It’s not often you get a whole boxcar to yourself but the thing is you can’t very much enjoy it. The rocking motion puts you to sleep, over and over again. I was headed west on the Pennsylvania ’cause I heard there was a get-together around New Goshen, Indiana-never heard of it before but what else was there to do? You never know with these meetups. Sometimes 5 folks showed, sometimes 20, sometimes 50. The big ones a real hoot, plenty of drinking and swapping of stories both real and tall. Where was I? Ah, the sleeping. I don’t dream much anymore but I dreamt of Johnny last night. I knew because I woke in a sweat that was both cold and warm. That hadn’t happened in a while. Hope it doesn’t happen again soon.
I met him in boot camp-I’d gotten kicked out of the house, there was a war on that the U.S. had recently joined and I figured I’d do my part. He was there on the bus headed to the base. You couldn’t miss him.
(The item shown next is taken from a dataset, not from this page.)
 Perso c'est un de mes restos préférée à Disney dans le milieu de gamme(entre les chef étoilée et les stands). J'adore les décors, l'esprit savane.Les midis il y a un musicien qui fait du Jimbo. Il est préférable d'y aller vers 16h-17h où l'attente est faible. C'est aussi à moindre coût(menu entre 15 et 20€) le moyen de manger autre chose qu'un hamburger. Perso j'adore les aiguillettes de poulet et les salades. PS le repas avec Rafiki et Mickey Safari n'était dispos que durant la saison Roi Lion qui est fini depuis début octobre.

Bright red hair, pale skin like it was a thin cotton bedsheet. He was getting a ribbing from some guys and wasn’t getting upset about it, kept his cool. I noticed that about him. After we got our brushcuts the jokes died down a little but not with our drill instructor-he lit into Johnny something fierce but Johnny would just take it, I mean what could he do, jaw back at him? I figured our instructor needed a whipping boy and Johnny could take it so that’s how it went.
The first time we were all allowed off the base Johnny wore this bright red bandana or maybe it was a neckerchief?, around his neck. I couldn’t believe it. He was inviting all kinds of shit-talking but it occurred to me that this kid, a kid just like me, was his own man. From that day forward we buddied up. Most times when guys rode him he smiled and looked down like he had some sort of secret he was gonna keep to himself. Things got rough a few times and we got into some scraps but nothing serious.
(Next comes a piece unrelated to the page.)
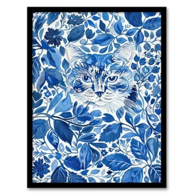 Artery8 Cat Lover Floral Blue China Pattern Watercolour Living Room Artwork Framed Wall Art Print A4

We made it through boot camp easy and were sent to England in mid-May of ’44. Things were coming to a head, there were so many rumors flying round but I knew we would be seeing some action. Sure enough, we found ourselves on a transport ship headed to ‘Utah Beach’. I thought it was kinda funny that them Frenchman had a beach with the same name of one of our states. Johnny was sitting across from me and we were both nervous as hell but we kept looking at each other and it was unspoken, ‘I’ve got your back and you got mine’. Just before we were about to jump out he yelled at me to get my attention and I saw that he had his ‘lucky’ red bandana tucked in his chest pocket. Big grin on his face. I laughed.
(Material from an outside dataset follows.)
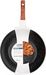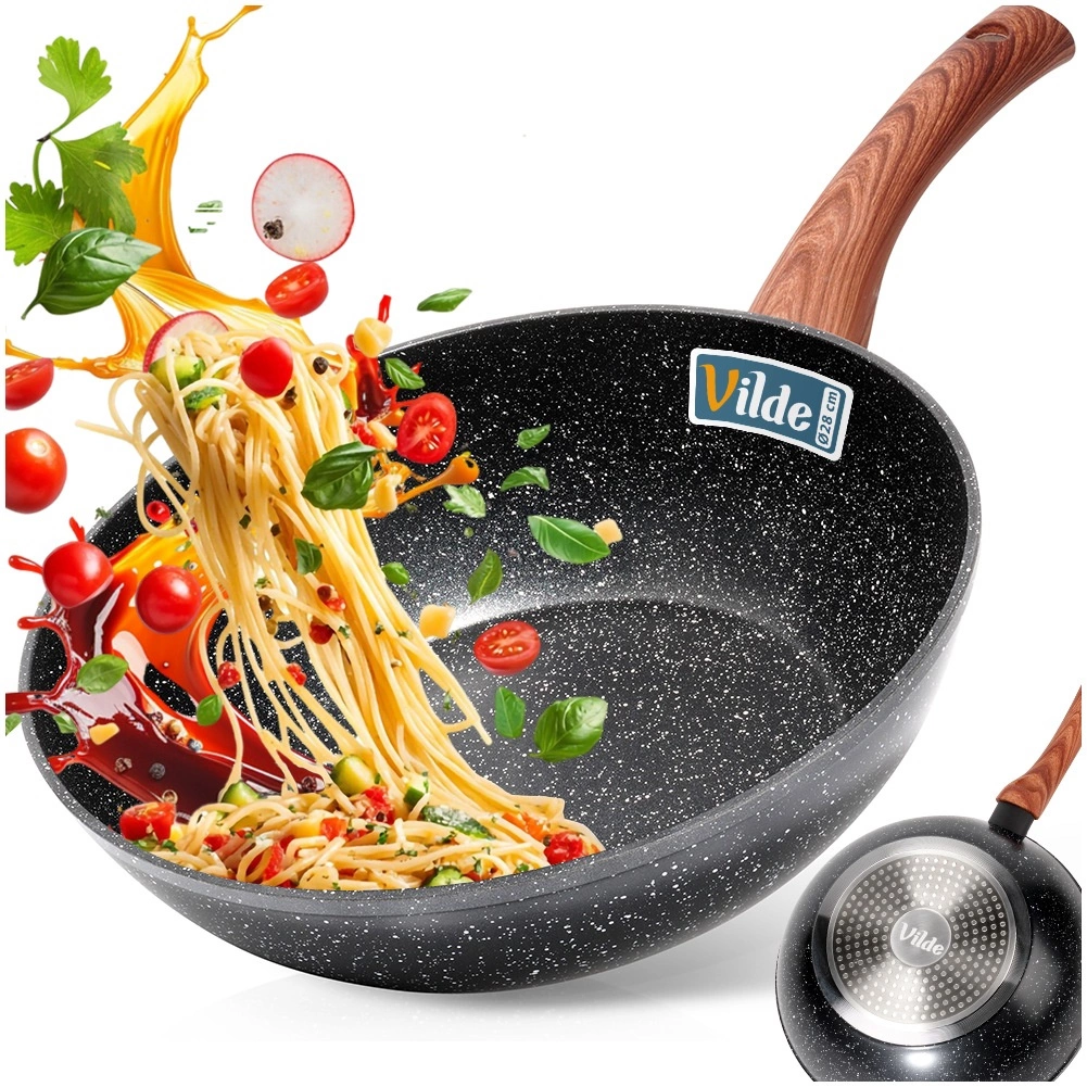 Ontdek de praktische granieten wok in een elegante combinatie van zwart en hout uit de VILDE Black&Wood-collectie. Het diepe, afgeronde lichaam maakt comfortabel roerbakken, omscheppen en schudden boven de vlam mogelijk, terwijl het anti-aanbak granieten oppervlak zorgt voor eenvoudig loslaten van gerechten en snel schoonmaken.

We made sure we were no more than 3 yards from each other as we made our way forward. Out of the corner of my eye I saw Johnny fall backward, his face in the sand. I rolled him over and he was done for. It looked like the bullet he took hit his shoulder and went into his neck. His eyes were glazed over, his mouth was moving and nothing was coming out. Then his eyes rolled back into his head and time seemed to hang in the air for a bit. I couldn’t see anything around me, there was no gunfire, no explosions. But then a bullet grazed my arm, stinging me back to now. I grabbed his lucky bandana out of his pocket and moved forward with the rest of the unit.
I couldn’t tell you what happened the next few days-I remember anger, fear, desperation, dread and other stuff all jumbled together as one. It was night near a fire later on when I was eating my rations that I ‘came to’. I dropped my food and wandered a little bit, finding a shed that I collapsed into and I began sobbing. I cried for a long time, so long that I pissed myself, not that it mattered one bit.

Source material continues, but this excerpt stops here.